I tried the following rule (the c term is there for show)

rule1 = Times[ayes___A, F] :> func[Times[ayes], F];

c + F             /. rule1
c + A[x] F        /. rule1
c + A[x] A[y] F   /. rule1
c + d A[x] A[y] F /. rule1
c + F                        (*desired: c + func[1,F]  *)
c + func[A[x], F]            (*correct*)
c + func[A[x] A[y], F]       (*correct*)
c + d func[A[x] A[y], F]     (*correct*)

The first expression failed to properly match, because it doesn't have head Times. Then I tried a second rule with Optional:

rule2 = rule2 = Times[Optional[ayes__A], F] :> func[Times[ayes], F];

(*Input same as above but with /. rule2*)
c + func[1,F]                (*correct*)
c + func[A[x], F]            (*correct*)
c + func[A[x] A[y], F]       (*correct*)
c + d A[x] A[y] func[1, F]   (*desired: c + d func[A[x] A[y], F] *)

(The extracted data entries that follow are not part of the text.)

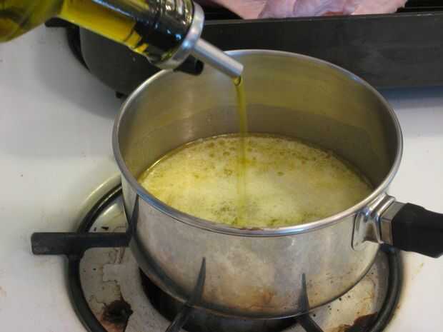 Tomar el palillo de la mantequilla y derretir en una olla pequeña a fuego bajo. Había adelgazado mi mantequilla un poco con 1/4 de taza de aceite de oliva. Yo normalmente disipe mantequilla con aceite de oliva ya que mantiene Dore tan rápidamente, una característica que será útil al asar un pavo durante varias horas en un horno caliente. Queremos piel marrón crujiente agradable, pero no queremos lo forma antes nuestra Turquía ha acabado cocinar. Más sobre esto más adelante.
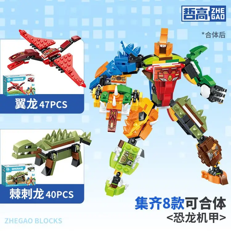 杭州 哲高 总代理商 八合一恐龙机甲积木拼装小颗粒益智拼插玩具模型男
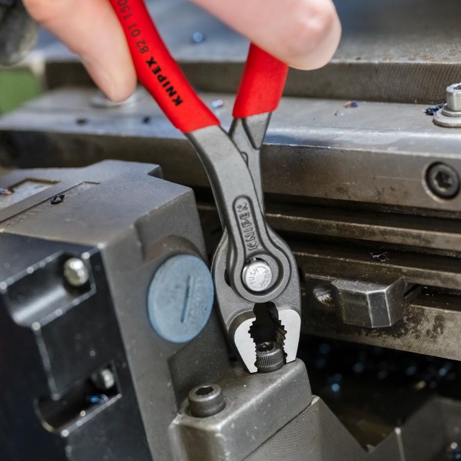 82 01 150 KNIPEX TwinGrip® Gripping, tightening and loosening screws with worn heads and threads. Unique combination: Front grip and side grip function, box joint, push button adjustment. High-grip front jaw with robust teeth and high gear ratio at the tip of the mouth. Very slim pliers: work even in confined spaces, with slim turning zone for fast screwing. Optimised geometry of the side jaw design: with locking effect for maximum grip when loosening and tightening. Pinch stop reduces the risk of crushed fingers. Durable and resilient thanks to robust box joint. Small and handy – also suitable for more delicate work. Large front and side gripping capacities: for diameters and width across flats 3 – 16 mm. Reliable, frontal gripping of flat workpieces up to 6 mm thanks to three-point system. Three-way adjustable slip joint with push button adjustment for precise alteration of gripping capacity. - Adjustment positions: 3- Capacities for pipes (diameter): Ø 3 – 16mm- Capacities for nuts: 3 – 16mm

This time the fourth expression failed to match because of the extra factor. So now I try a third rule to accommodate that extra factor:

rule3 = Times[extra_. Optional[ayes__A], F] :> extra*func[Times[ayes], F]

(*Input same as above but with /. rule3*)
c + func[1,F]              (*correct*)
c + func[A[x], F]          (*correct*)
c + A[y] func[A[x], F]     (*desired: c + func[A[x] A[y], F]*)
c + d A[y] func[A[x], F]   (*desired: c + d func[A[x] A[y], F] *)

Now the pattern matcher got confused probably because of all the optional arguments.

Is there a single pattern that can match all these cases? Since I'm working with potentially large expressions, I would also prefer to avoid using pattern tests (Conditional) for performance reasons.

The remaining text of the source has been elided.